Extracted data entries:
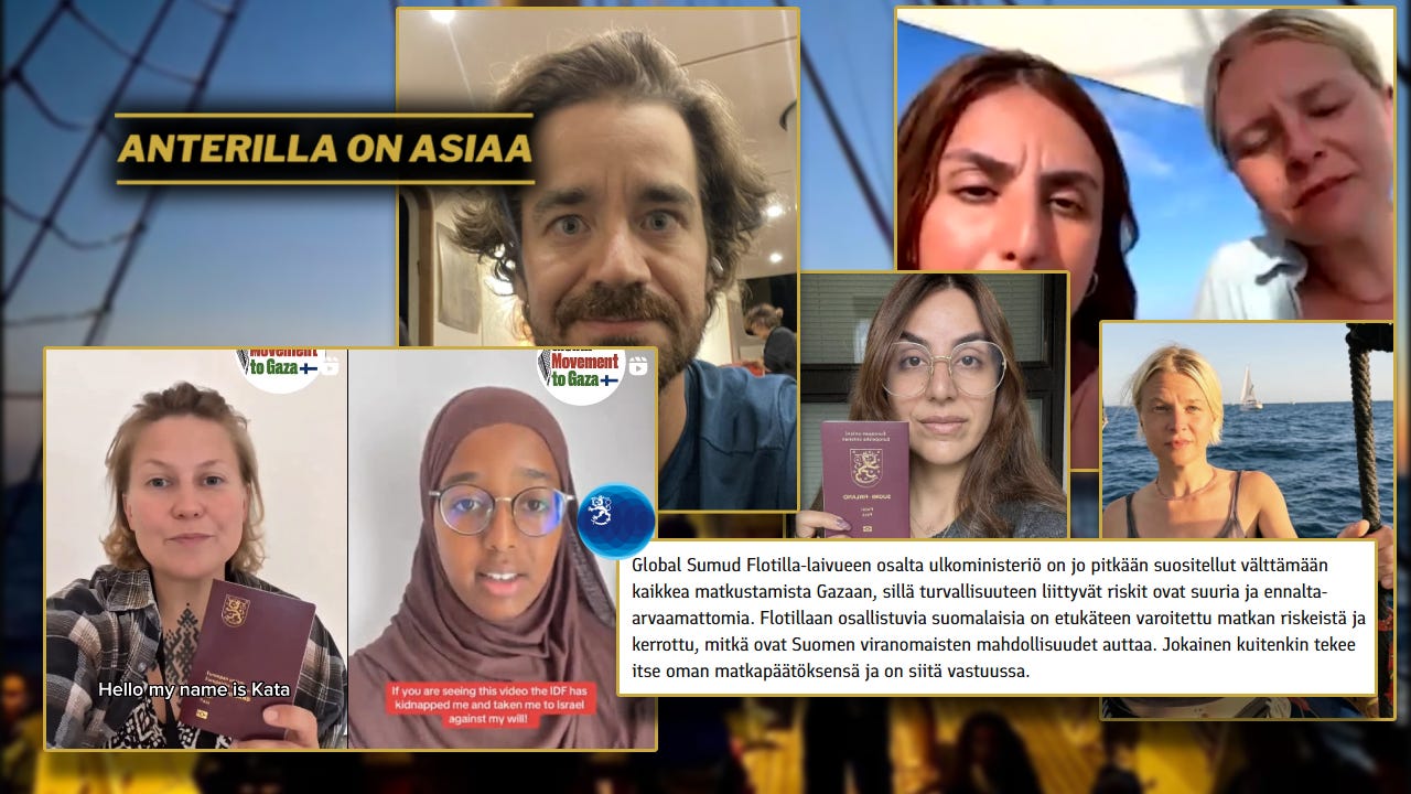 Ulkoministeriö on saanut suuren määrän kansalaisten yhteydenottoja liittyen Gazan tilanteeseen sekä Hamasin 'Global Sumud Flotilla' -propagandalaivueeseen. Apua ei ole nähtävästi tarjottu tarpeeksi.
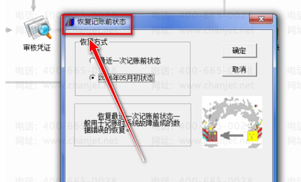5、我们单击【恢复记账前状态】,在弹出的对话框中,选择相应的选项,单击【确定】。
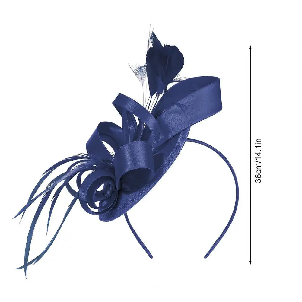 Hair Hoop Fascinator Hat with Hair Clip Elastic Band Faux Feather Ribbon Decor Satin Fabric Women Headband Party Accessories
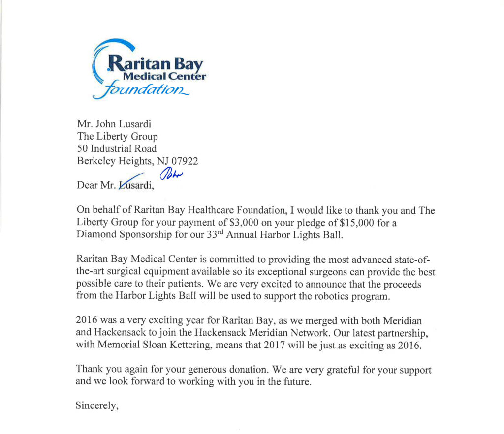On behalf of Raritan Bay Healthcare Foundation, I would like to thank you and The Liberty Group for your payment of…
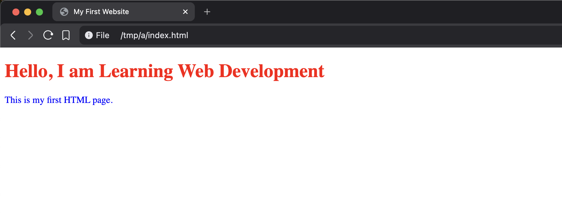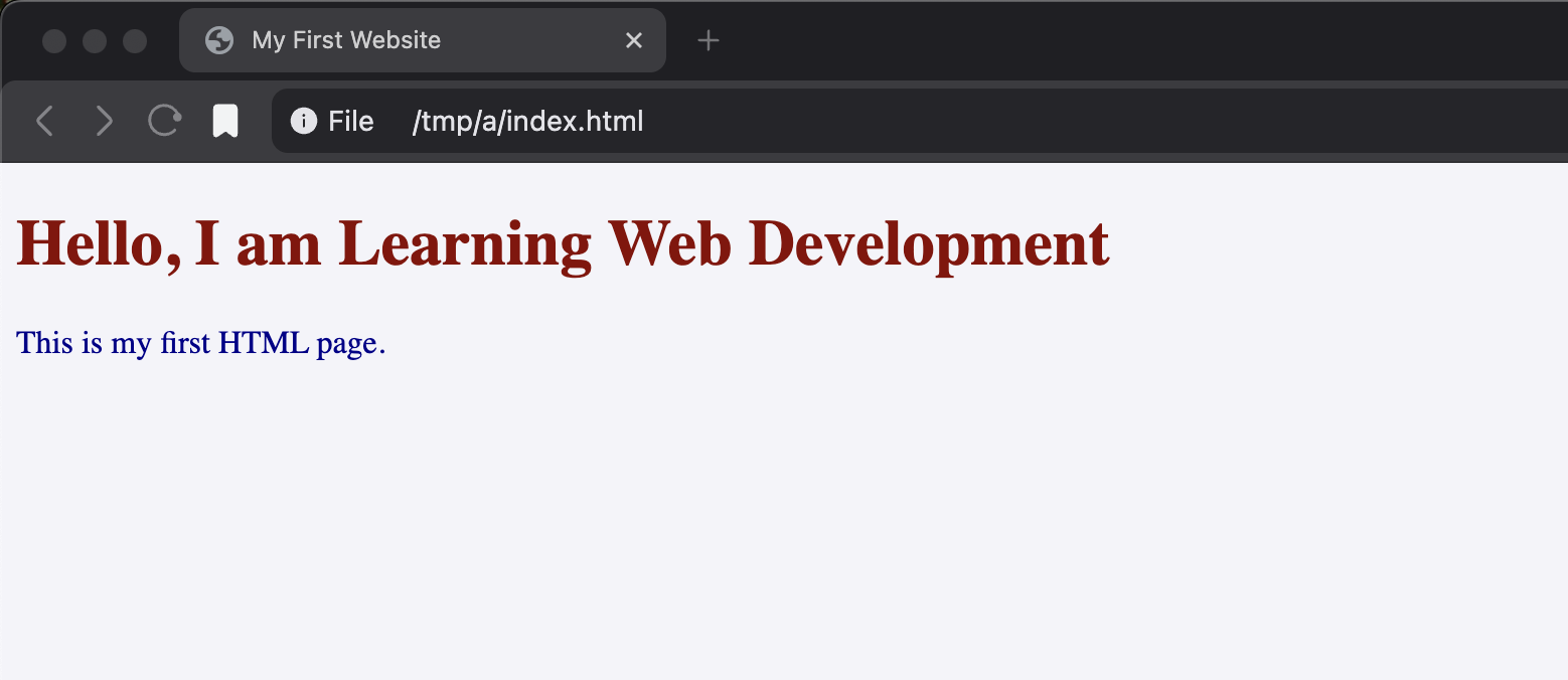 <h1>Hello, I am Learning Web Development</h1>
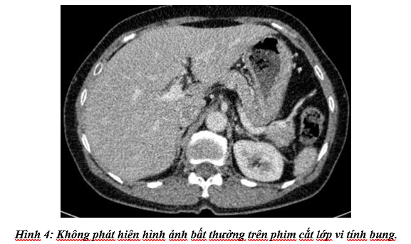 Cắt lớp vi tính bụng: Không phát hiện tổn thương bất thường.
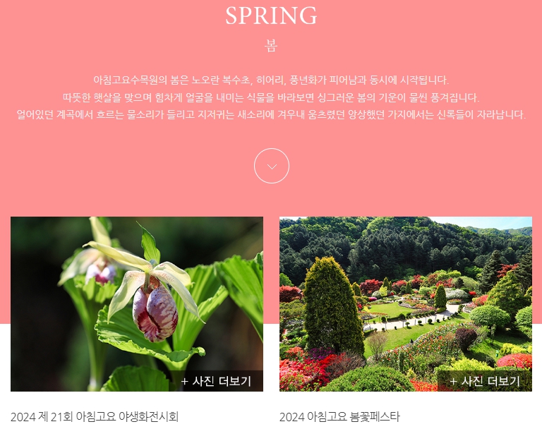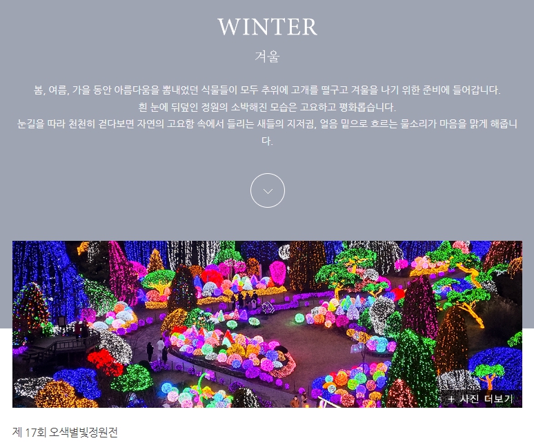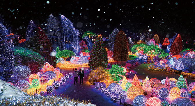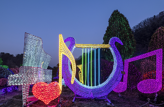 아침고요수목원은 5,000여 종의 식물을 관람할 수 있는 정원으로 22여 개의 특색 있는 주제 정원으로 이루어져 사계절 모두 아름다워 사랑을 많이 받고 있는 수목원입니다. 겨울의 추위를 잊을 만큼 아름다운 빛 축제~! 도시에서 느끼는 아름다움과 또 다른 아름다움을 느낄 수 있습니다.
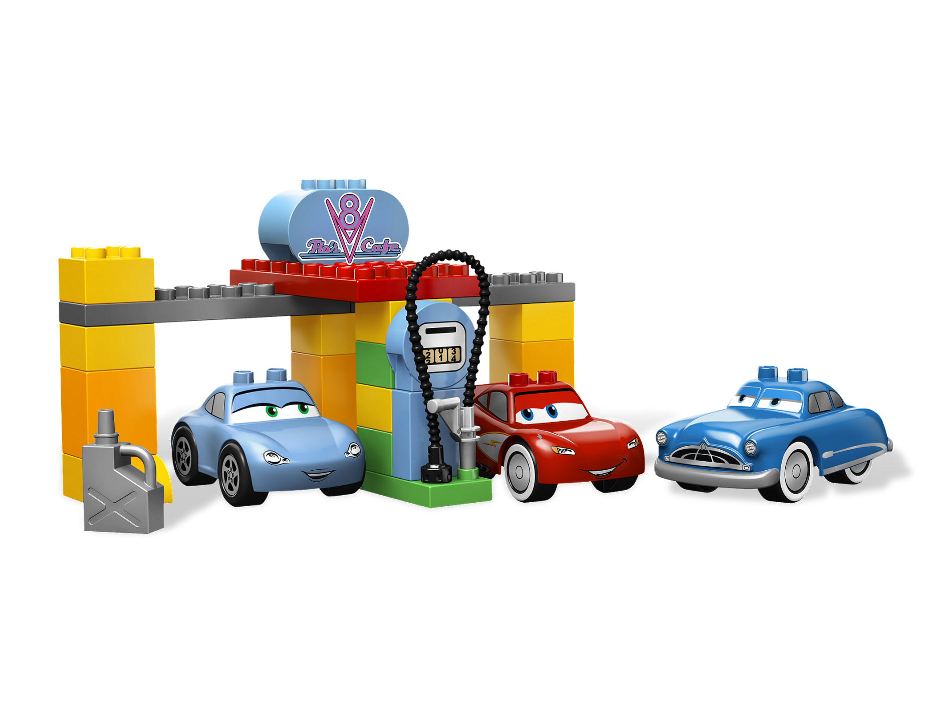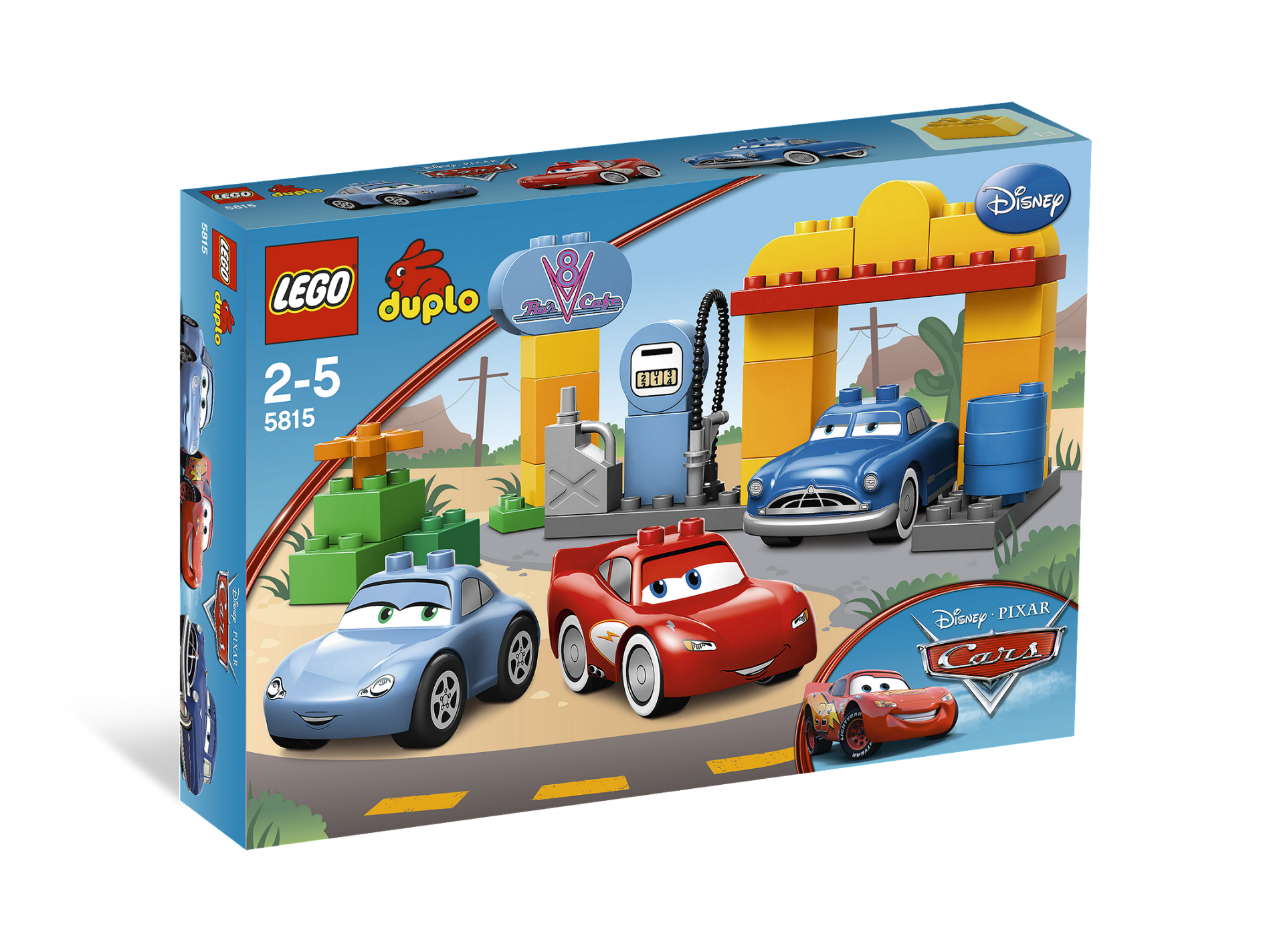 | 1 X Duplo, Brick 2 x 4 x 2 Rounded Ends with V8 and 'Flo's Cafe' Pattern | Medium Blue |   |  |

:: Work order ::
Word for word, print every record, and leave out any picture.

:: Response to this exercise ::
 Ulkoministeriö on saanut suuren määrän kansalaisten yhteydenottoja liittyen Gazan tilanteeseen sekä Hamasin 'Global Sumud Flotilla' -propagandalaivueeseen. Apua ei ole nähtävästi tarjottu tarpeeksi.
5、我们单击【恢复记账前状态】,在弹出的对话框中,选择相应的选项,单击【确定】。
 Hair Hoop Fascinator Hat with Hair Clip Elastic Band Faux Feather Ribbon Decor Satin Fabric Women Headband Party Accessories
On behalf of Raritan Bay Healthcare Foundation, I would like to thank you and The Liberty Group for your payment of…
 <h1>Hello, I am Learning Web Development</h1>
 Cắt lớp vi tính bụng: Không phát hiện tổn thương bất thường.
 아침고요수목원은 5,000여 종의 식물을 관람할 수 있는 정원으로 22여 개의 특색 있는 주제 정원으로 이루어져 사계절 모두 아름다워 사랑을 많이 받고 있는 수목원입니다. 겨울의 추위를 잊을 만큼 아름다운 빛 축제~! 도시에서 느끼는 아름다움과 또 다른 아름다움을 느낄 수 있습니다.
 | 1 X Duplo, Brick 2 x 4 x 2 Rounded Ends with V8 and 'Flo's Cafe' Pattern | Medium Blue |   |  |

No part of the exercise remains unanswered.